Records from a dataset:
##############################
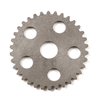 The camshaft sprocket in a motorcycle is a gear attached to the camshaft, which is driven by the timing chain. It ensures the precise timing of the camshaft's rotation, controlling the opening and closing of the engine's valves in synchronization with the piston's movement, crucial for efficient engine operation.
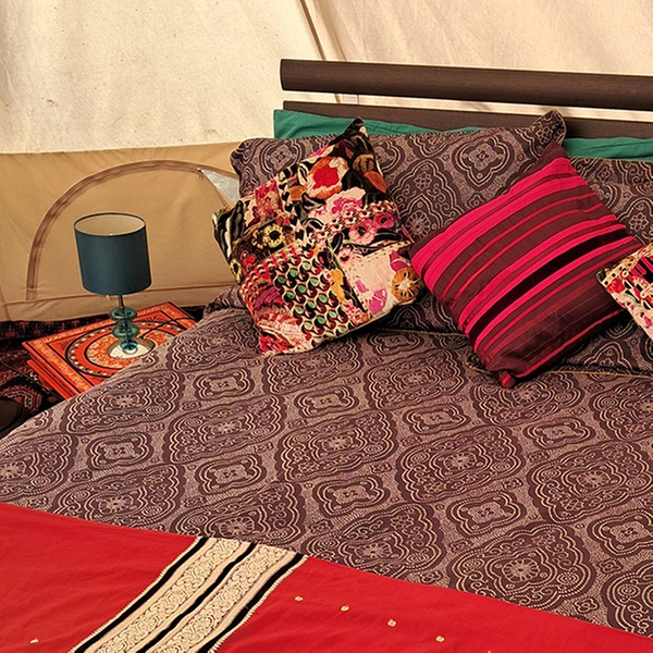 Experience boutique glamping in a fully furnished luxury bell tent with bedding and cooking facilities nestled in the tranquil Suffolk countryside
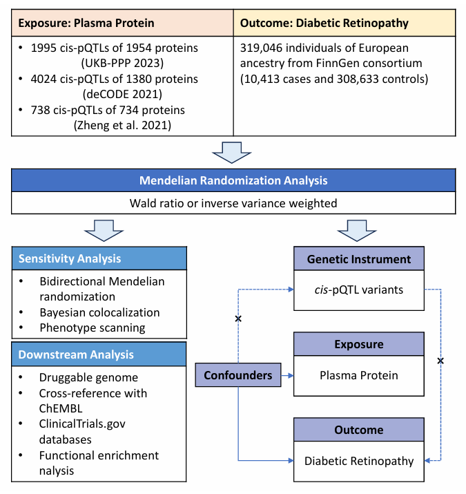 Genome-wide summary statistics for Cis-pQTL can be found in the original study,[9, 19-20] while GWAS summary statistics for DR are accessible via the FinnGen consortium website (R9 release) at https://www.finngen.fi/.
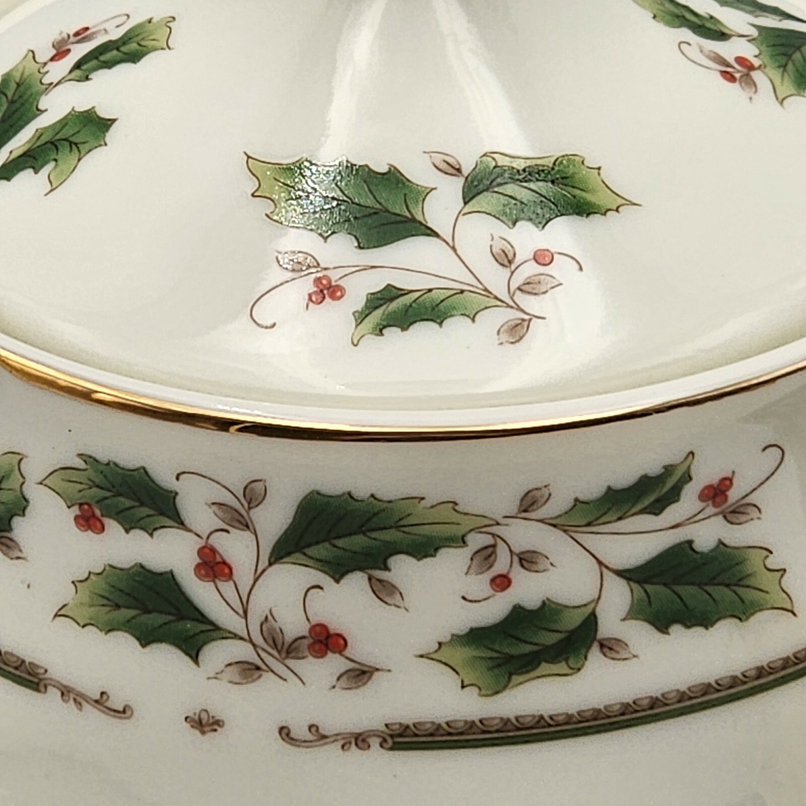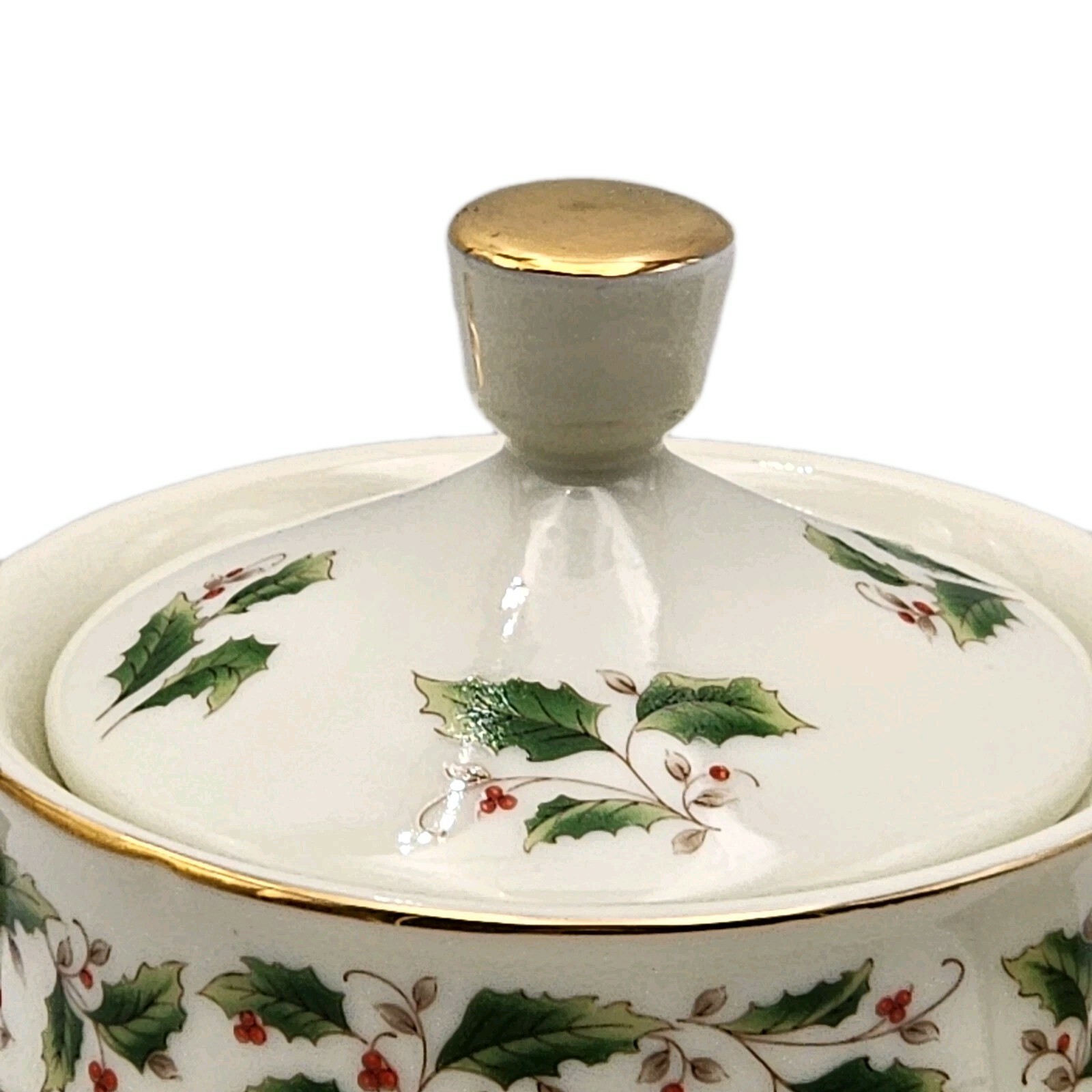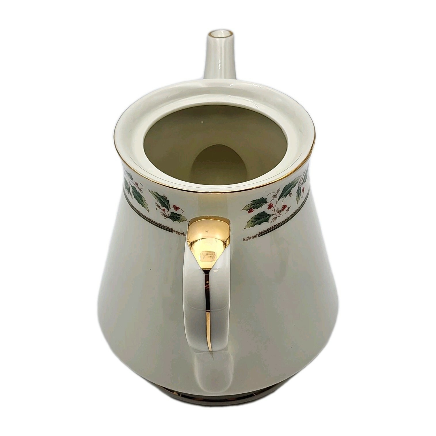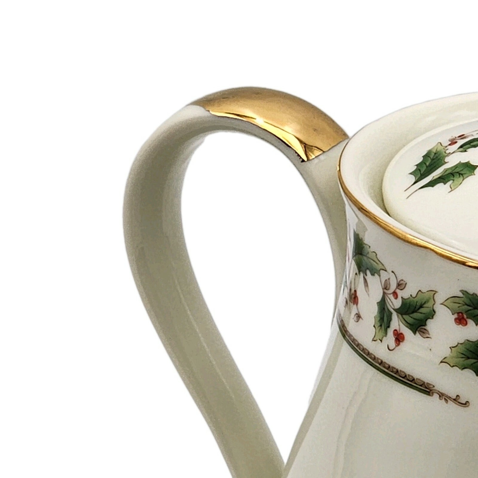 Royal Limited Holly Holiday Porcelain Teapot W/ Lid Gold Accents VTG 1987 Boxed
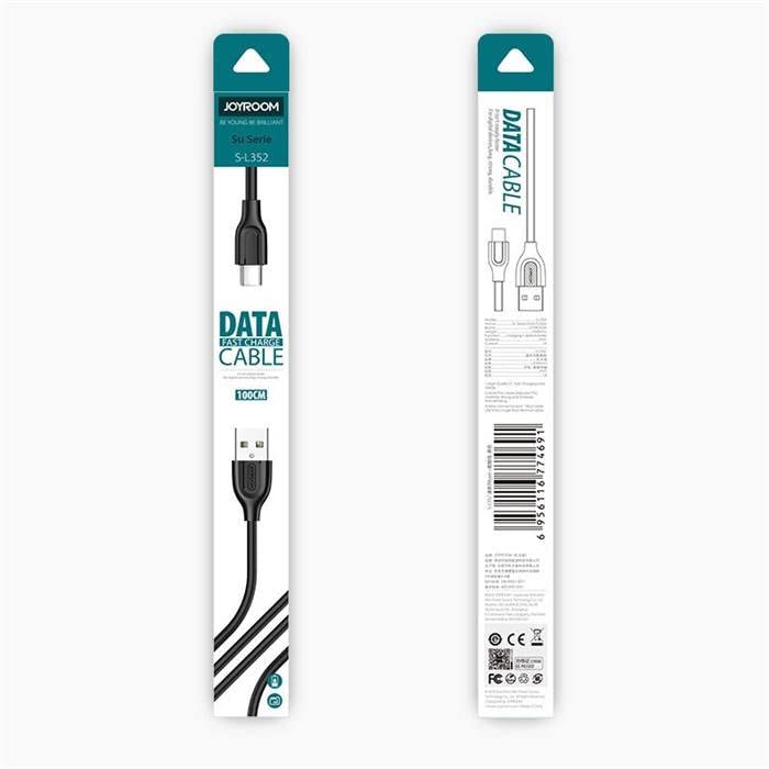 Joyroom - كابل بيانات نوع سي سلسلة سو للشحن السريع للموبايلات 100 سم S-L352 من جوي روم - اسود، لهواتف خلوية
##############################
WORK ITEM: Only the lines from the one with "Experience boutique glamping" through the final line of the entries belong in the answer, set down exactly, with both ends included and no pictures.

TASK ANSWER:
 Experience boutique glamping in a fully furnished luxury bell tent with bedding and cooking facilities nestled in the tranquil Suffolk countryside
 Genome-wide summary statistics for Cis-pQTL can be found in the original study,[9, 19-20] while GWAS summary statistics for DR are accessible via the FinnGen consortium website (R9 release) at https://www.finngen.fi/.
 Royal Limited Holly Holiday Porcelain Teapot W/ Lid Gold Accents VTG 1987 Boxed
 Joyroom - كابل بيانات نوع سي سلسلة سو للشحن السريع للموبايلات 100 سم S-L352 من جوي روم - اسود، لهواتف خلوية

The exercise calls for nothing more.